Histone mRNA levels are tightly coordinated with DNA replication to ensure proper replication of chromatin. The replication-dependent histone genes encode the only non-polyadenylated mRNAs is eukaryotic cells. These mRNAs end in a conserved stemloop, which interacts with the stemloop binding protein, SLBP. The stem-loop/SLBP complex functions in all steps of histone mRNA metabolism in place of the polyA tail. Most of the regulation of histone mRNA levels is posttranscriptional and is mediated by the stemloop/SLBP complex. Formation of the 3'end of histone mRNA is cell-cycle regulated, primarily mediated by controlling the levels of SLBP. We will determine the additional components that recruit the cleavage factor to the histone pre-mRNA pre-processing complex. There are likely factors that regulate processing that influence this recruitment and we will characterize both positive and negative factors, involved in this critical regulatory step. The second regulatory step that coordinates histone mRNA levels with DNA replication is regulation of histone mRNA half-life.
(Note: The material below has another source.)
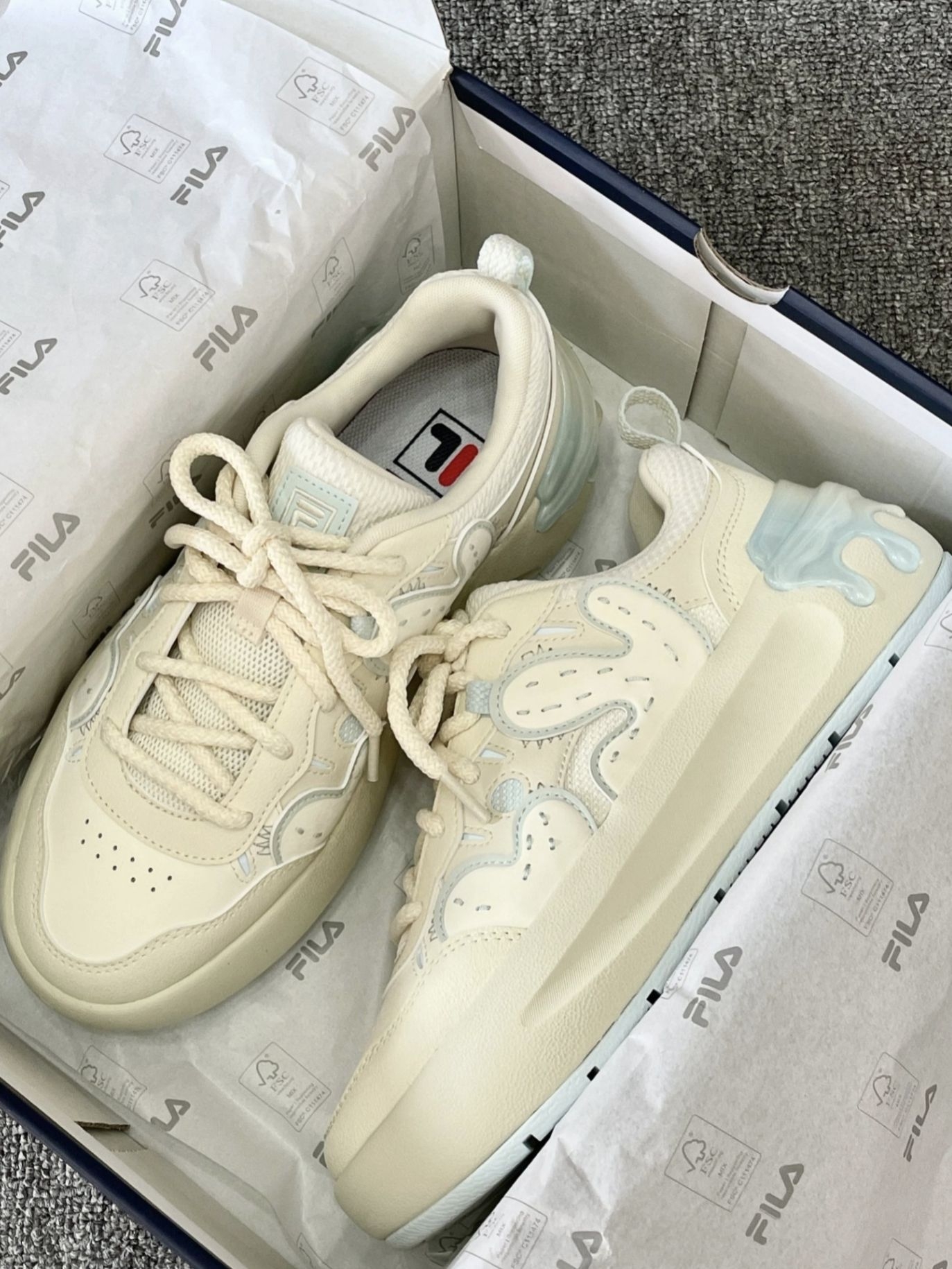 本篇笔记关联了FILA/斐乐 CACTI 仙掌鞋 板鞋 摩登低帮系带 女款/奶油白色/芦笋白等商品,为用户提供真实的使用体验和购买参考。

Histone mRNA degradation is initiated by oligouridylation of the 3'end. We will identify the terminal uridyl transferase (TUTase) involved in the oligouridylation, and the mechanism by which the TUTase is recruited to activate histone mRNA degradation. These studies will allow us to identify novel factors and modifications involved in coupling DNA replication with histone mRNA degradation.

Public Health Relevance

Each S-phase the cell must properly replicate its genome, and package the newly replicated DNA into chromatin. The levels of histone mRNA are tightly controlled by regulating both 3'end formation and mRNA degradation. We will determine the biochemical mechanisms that couple histone mRNA metabolism with DNA replication.

National Institute of Health (NIH)
National Institute of General Medical Sciences (NIGMS)
Research Project (R01)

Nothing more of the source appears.